_Aim of the task_. For the data below, transcribe the part that opens with the line containing "家居搬屋服务, 村屋,唐楼,行楼梯。 搬运、" and closes with the line containing "Diğer uygulamadan aldık, ama", exactly and with no pictures.
+ + + + + + +
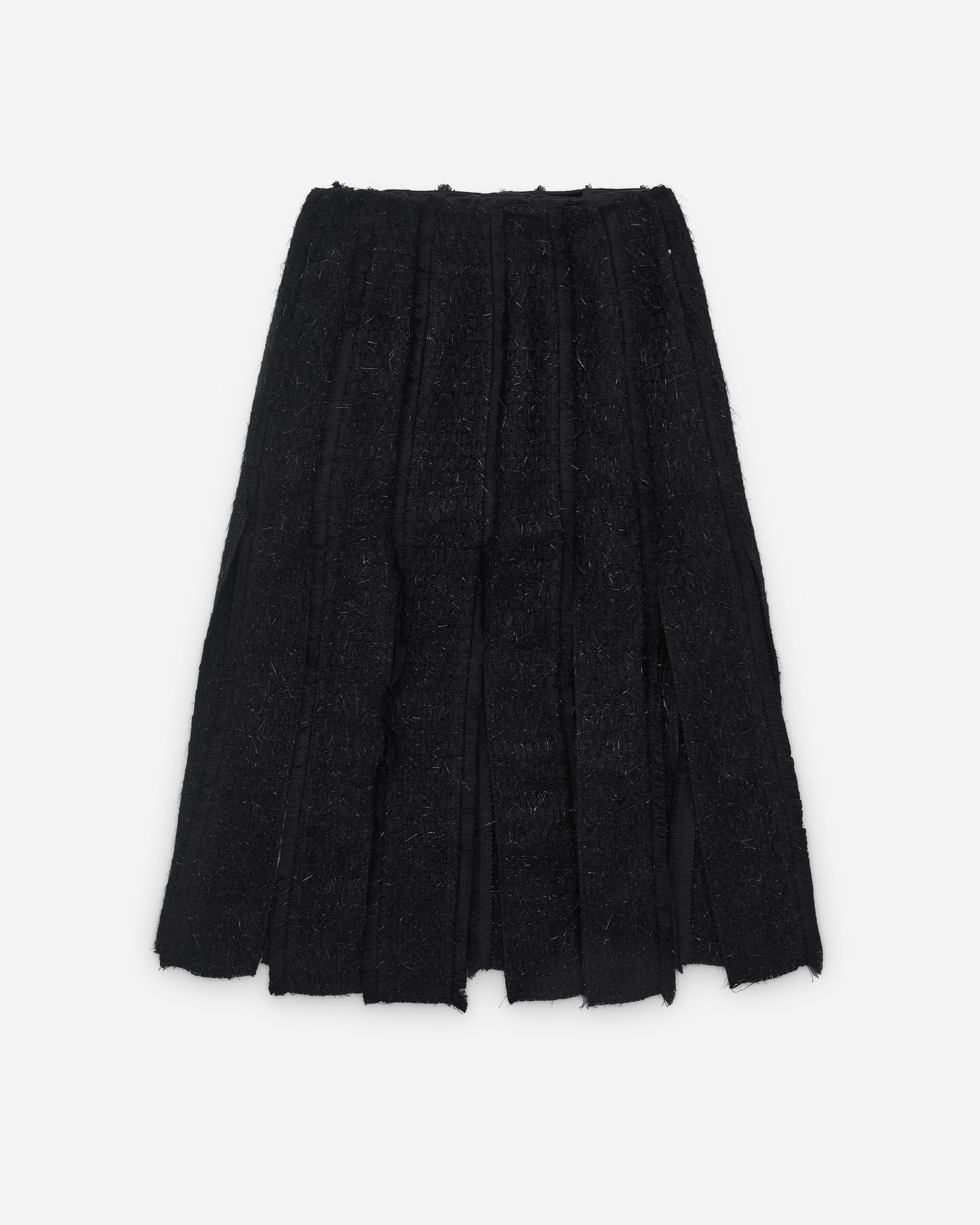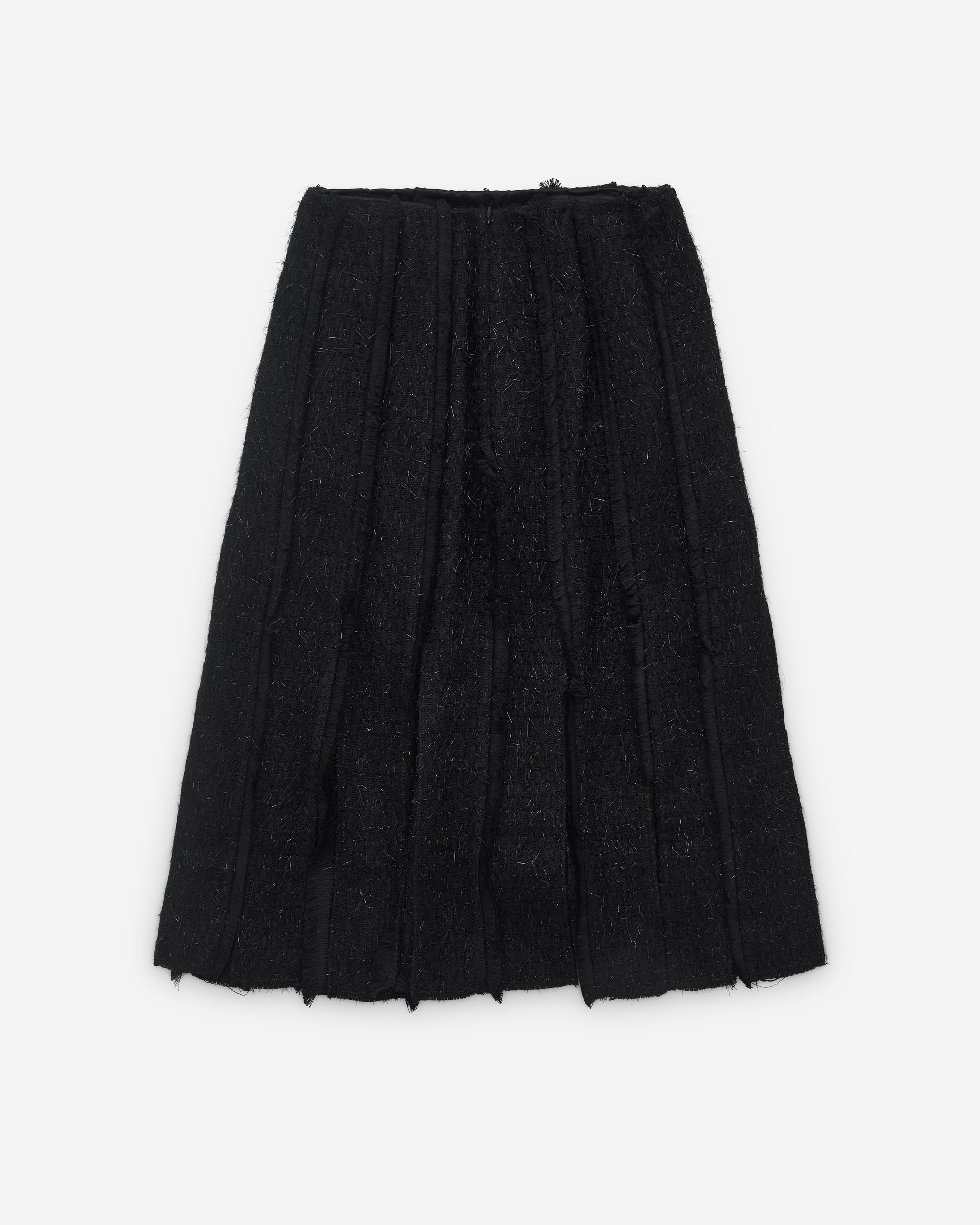 Multi slit designMidi skirt lengthViscose liningFrayed fabric
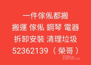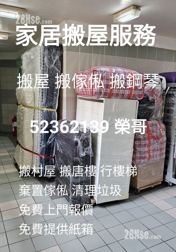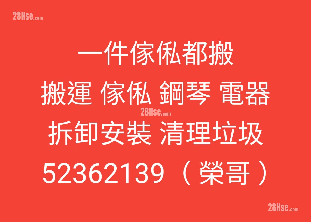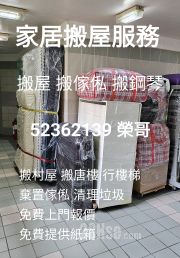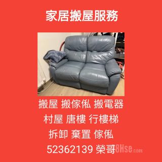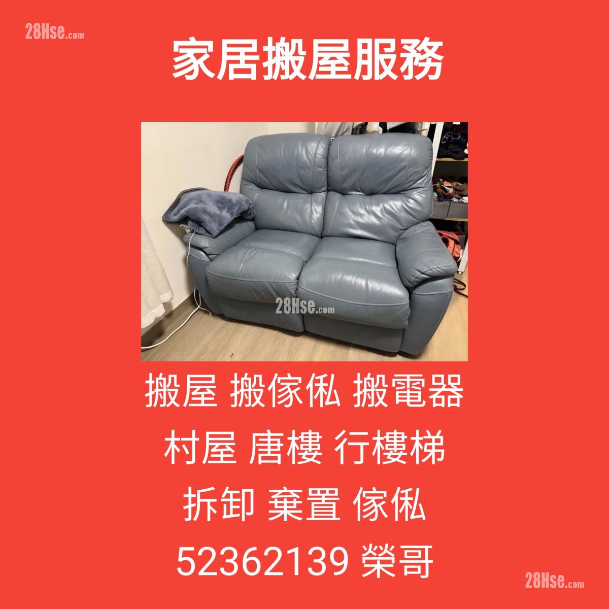 家居搬屋服务, 村屋,唐楼,行楼梯。 搬运、 拆卸、安装家俬,电器。 弃置家俬,清理垃圾。
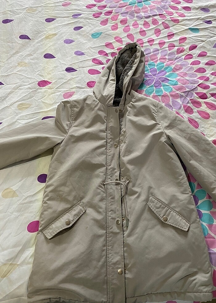 Diğer uygulamadan aldık, ama kızım modelini yakıştıramadığı için giymedi, üzerindeki ufak leke vardı aldığımda da, cok belli olmuyor. Yıkanınca cıkar.. içi full peluş, su almaz. Parka gibi,
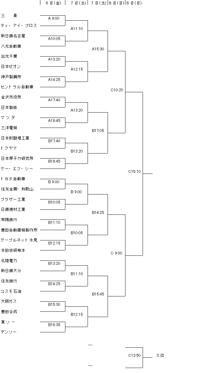 <全日本実業団チャレンジ’98 男子 組合せ> 開催期日 平成10年2月6日(金)〜8日(日) 開催場所 A 出光興産体育館 B コスモ石油体育館 C 市原市臨海体育館
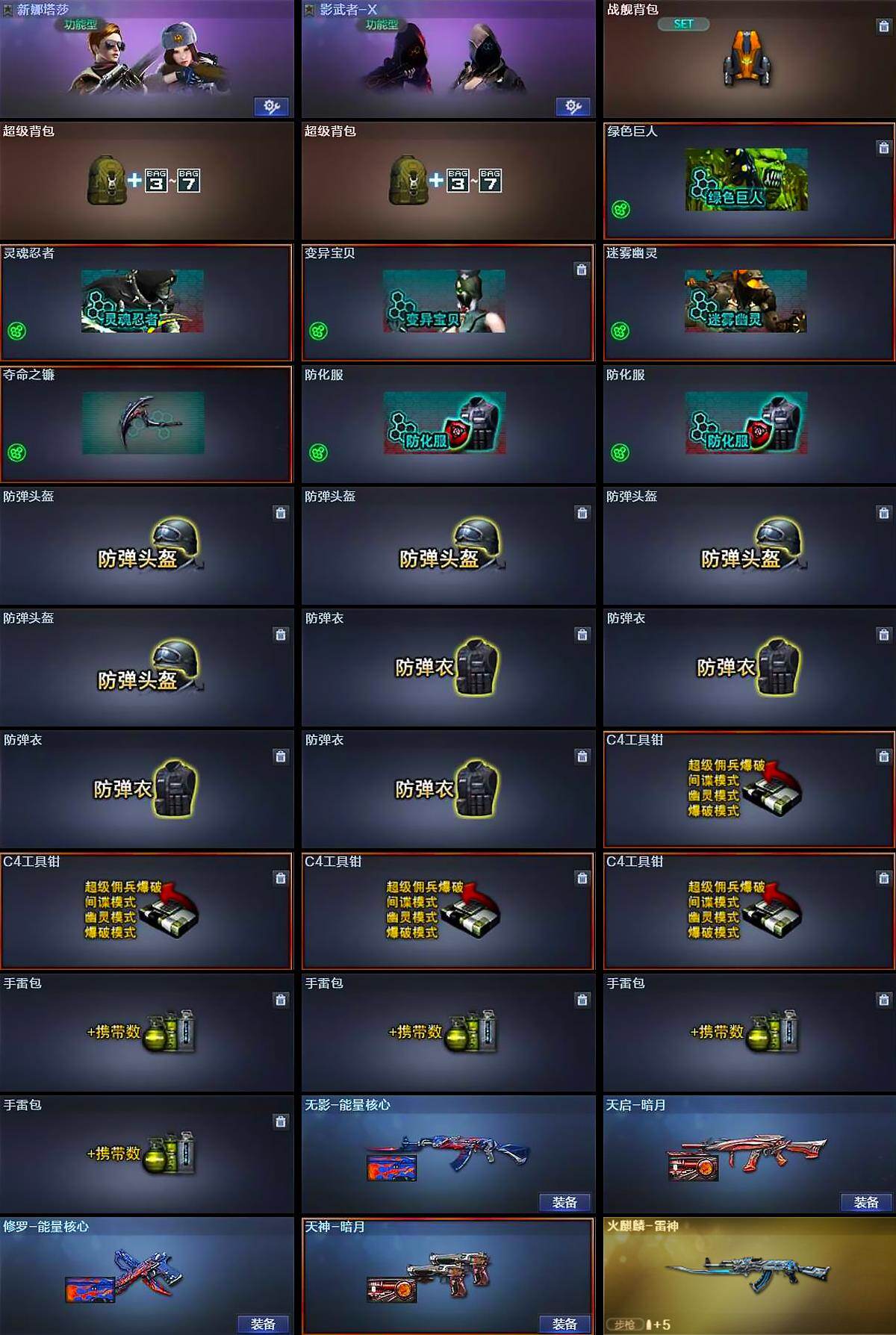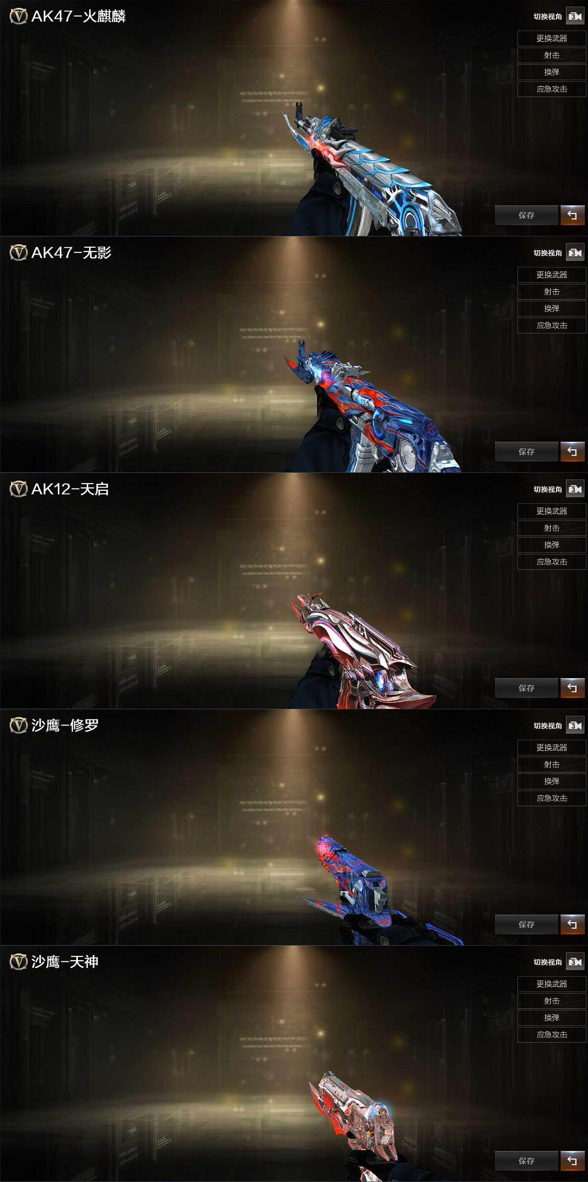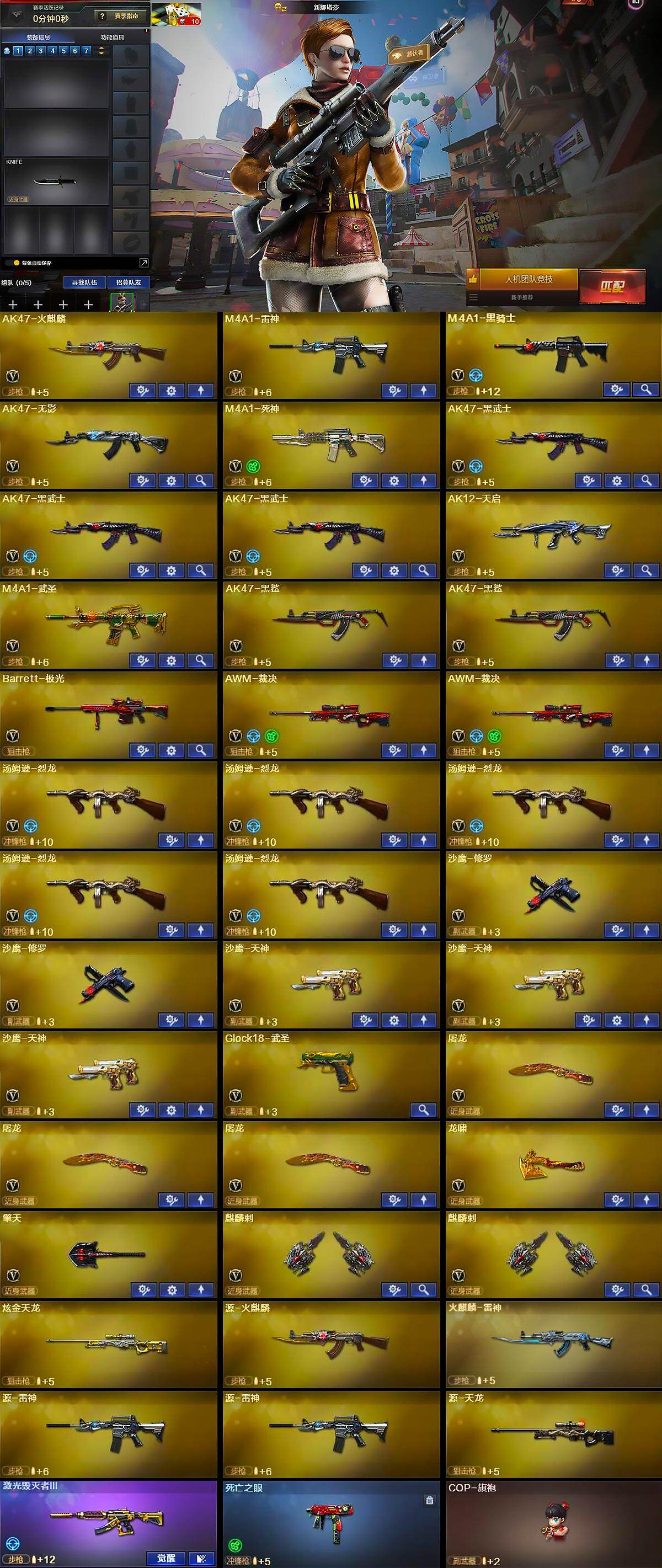 【英雄级武器】:AK47-火麒麟,M4A1-雷神,M4A1-黑骑士,AK47-无影,M4A1-死神,AK47-黑武士*3,AK12-天启,M4A1-武圣
+ + + + + + +
_Exercise solution_.
 家居搬屋服务, 村屋,唐楼,行楼梯。 搬运、 拆卸、安装家俬,电器。 弃置家俬,清理垃圾。
 Diğer uygulamadan aldık, ama kızım modelini yakıştıramadığı için giymedi, üzerindeki ufak leke vardı aldığımda da, cok belli olmuyor. Yıkanınca cıkar.. içi full peluş, su almaz. Parka gibi,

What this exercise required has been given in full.